• Your task:
Report each line from the records where the string "água" turns up.

═════ Data for review ═════

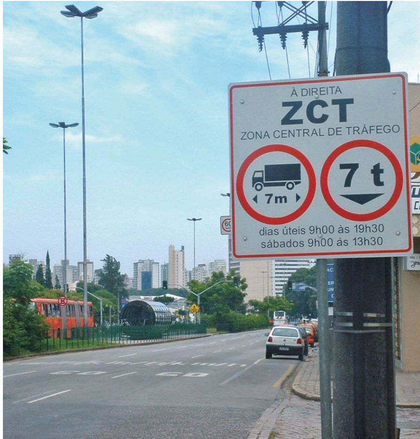
图6 库里提巴道路交通系统在中心交通地带限制重型和加长车辆。
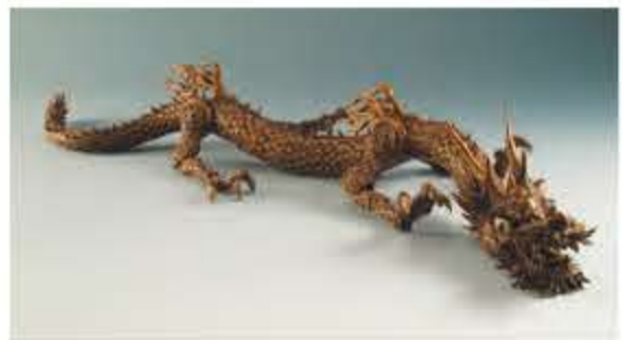
①冬瓜大香炉(村上盛之作・清水三年坂美術館蔵) ②龍自在置物(穠山竹林斎作・清水三年坂美術館蔵)

た作品を通して、近代工芸の知られざる魅力を紹介いたします。6月20日まで。大人1000円、高校・大学生700円。中学生以下、障がい者手帳を持参の人、大阪市在住の65歳以上(要証明)は無料。午前9時30分から午後5時(金曜は8時)まで。火曜日休館(5月3日は開館、5月6日は休室)。
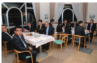
入会3年までの会員の方々
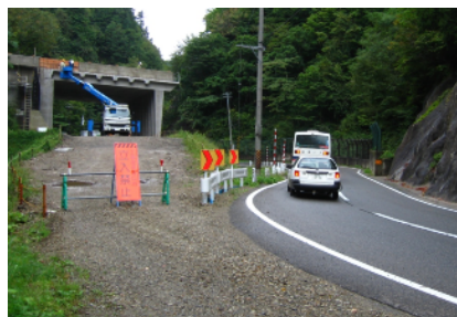
6 国道352号(八総バイパス)
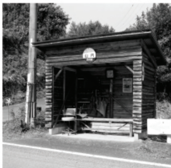
地域の方に支えられるバス停

④ 道路管理者や警察などとの協議や許可用地や歩道の確保など、関係機関の努力が必要であり、総合的に検討します。
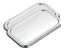
③BK 18-8 長バット蓋
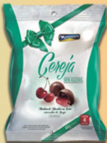
Cód: 2067 Bombom Cereja Picada sem álcool
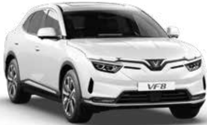
Trắng Infinity Blanc
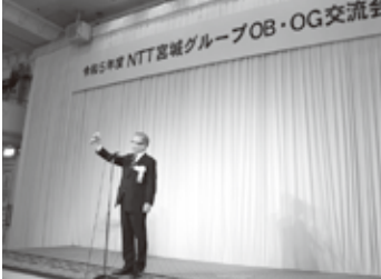
五ッ橋クラブ苦米地副会長の乾杯
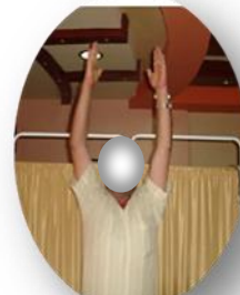
الشكل (2- c)
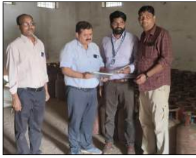
डीएसओ ने गैस गोदामों व प्रतिष्ठानों का किया निरीक्षण
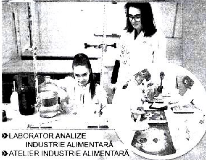
» LABORATOR ANALIZE INDUSTRIE ALIMENTARĂ » ATELIER INDUSTRIE ALIMENTARĂ
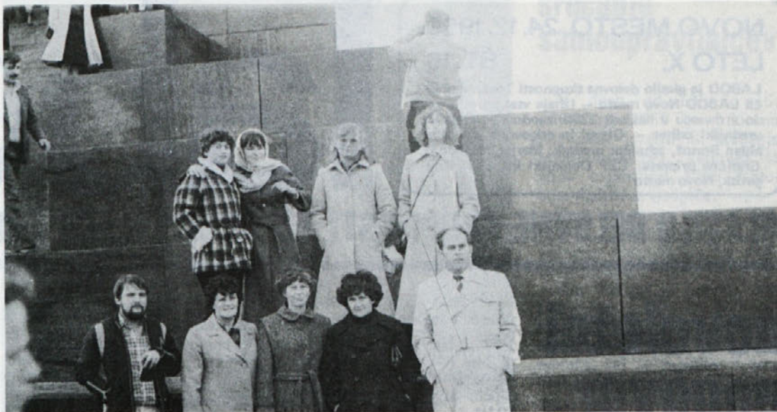
Spomin na letošnji izlet delavcev DSSS v Beograd, kjer smo obiskali poleg grobnice tovariša Tita tudi Avalo pa še precej znamenitosti Beograda in Kraguljevca.

Časovna norma (t) se izraža v min/kos. To pomeni koliko minut potrebujemo za določeno operacijo za 1 komad.
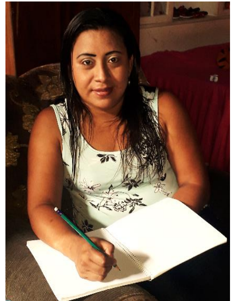
Fotografía No. 6. Realizando la respectiva planificación.

Como docente proyectista planteo un listado de actividades para la elaboración del proyecto de mejoramiento educativo donde se tuvo que hacer una selección para la ejecución utilizando las más importantes en el proyecto. Como todo proyecto tiene su costo se realizaron varias solicitudes a personas colaboradoras donde obtuvimos un 80% de aceptación en lo financiero, donde a través de un presupuesto nos podemos dar cuenta el costo económico del Proyecto de Mejoramiento Educativo para la buena formación de valores y hábitos de los estudiantes de preprimaria.
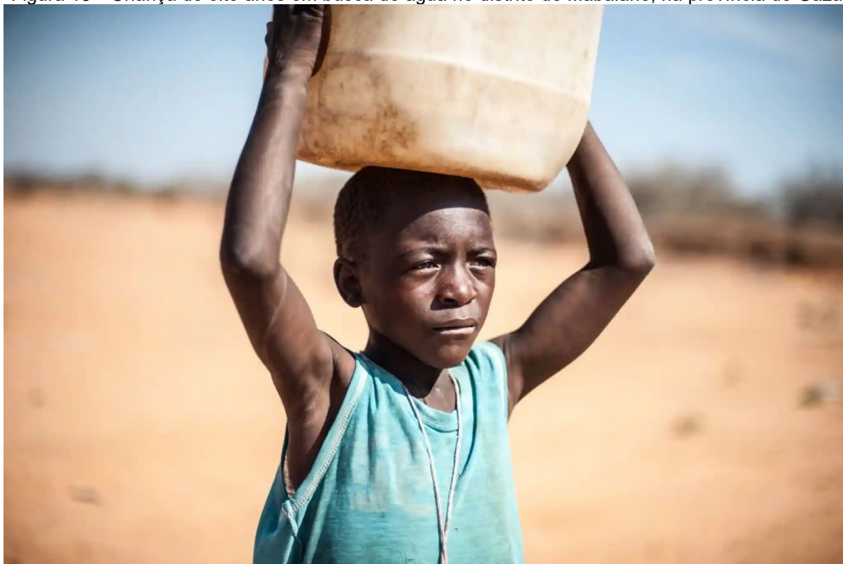
Figura 15 – Criança de oito anos em busca de água no distrito de Mabalane, na província de Gaza

Ainda como forma de racismo ambiental, em consequência de eventos climáticos extremos, uma criança caminha quilômetros em busca de água de um poço artesiano, no distrito de Mabalane (Figura 15).

═════

• Result of this exercise:
Figura 15 – Criança de oito anos em busca de água no distrito de Mabalane, na província de Gaza
Ainda como forma de racismo ambiental, em consequência de eventos climáticos extremos, uma criança caminha quilômetros em busca de água de um poço artesiano, no distrito de Mabalane (Figura 15).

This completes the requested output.